The exercise calls for the lines from the one containing "Flowy dresses, cropped" to the end of the data below to be output exactly, pictures excluded.

─── Provided material ───

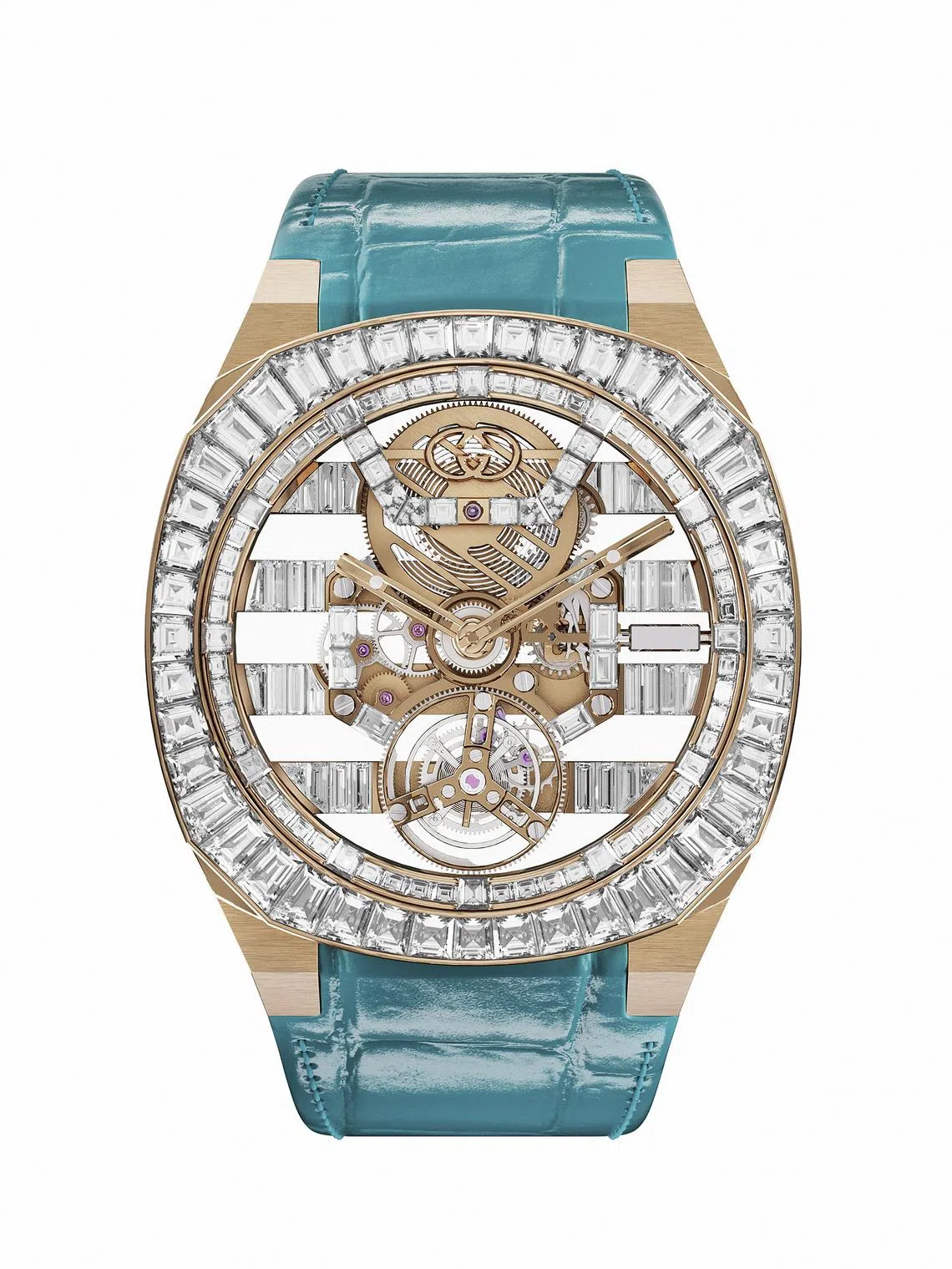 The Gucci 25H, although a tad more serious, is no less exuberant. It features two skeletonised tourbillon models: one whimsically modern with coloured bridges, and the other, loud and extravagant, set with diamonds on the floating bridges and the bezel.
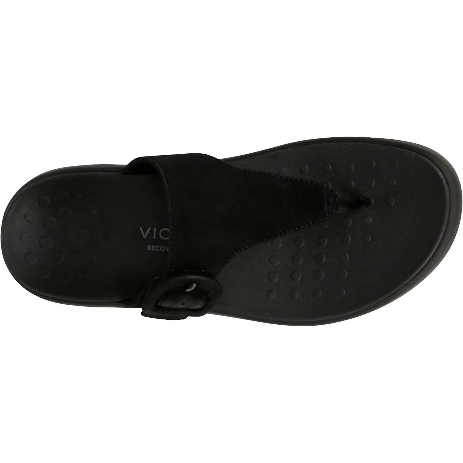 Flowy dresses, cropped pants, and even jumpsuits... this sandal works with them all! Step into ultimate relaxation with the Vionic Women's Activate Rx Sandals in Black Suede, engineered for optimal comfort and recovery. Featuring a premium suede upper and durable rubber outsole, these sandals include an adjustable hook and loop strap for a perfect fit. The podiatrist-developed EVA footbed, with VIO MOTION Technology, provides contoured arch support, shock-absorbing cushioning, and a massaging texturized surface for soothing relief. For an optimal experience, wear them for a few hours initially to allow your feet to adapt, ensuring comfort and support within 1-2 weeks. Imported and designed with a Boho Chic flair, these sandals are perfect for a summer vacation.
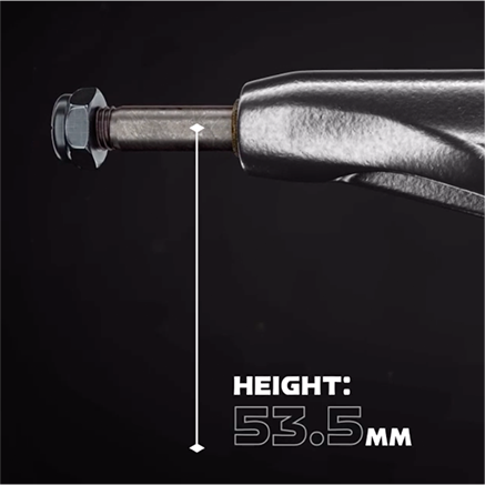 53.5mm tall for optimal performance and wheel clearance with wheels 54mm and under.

───

▶ Task answer
 Flowy dresses, cropped pants, and even jumpsuits... this sandal works with them all! Step into ultimate relaxation with the Vionic Women's Activate Rx Sandals in Black Suede, engineered for optimal comfort and recovery. Featuring a premium suede upper and durable rubber outsole, these sandals include an adjustable hook and loop strap for a perfect fit. The podiatrist-developed EVA footbed, with VIO MOTION Technology, provides contoured arch support, shock-absorbing cushioning, and a massaging texturized surface for soothing relief. For an optimal experience, wear them for a few hours initially to allow your feet to adapt, ensuring comfort and support within 1-2 weeks. Imported and designed with a Boho Chic flair, these sandals are perfect for a summer vacation.
 53.5mm tall for optimal performance and wheel clearance with wheels 54mm and under.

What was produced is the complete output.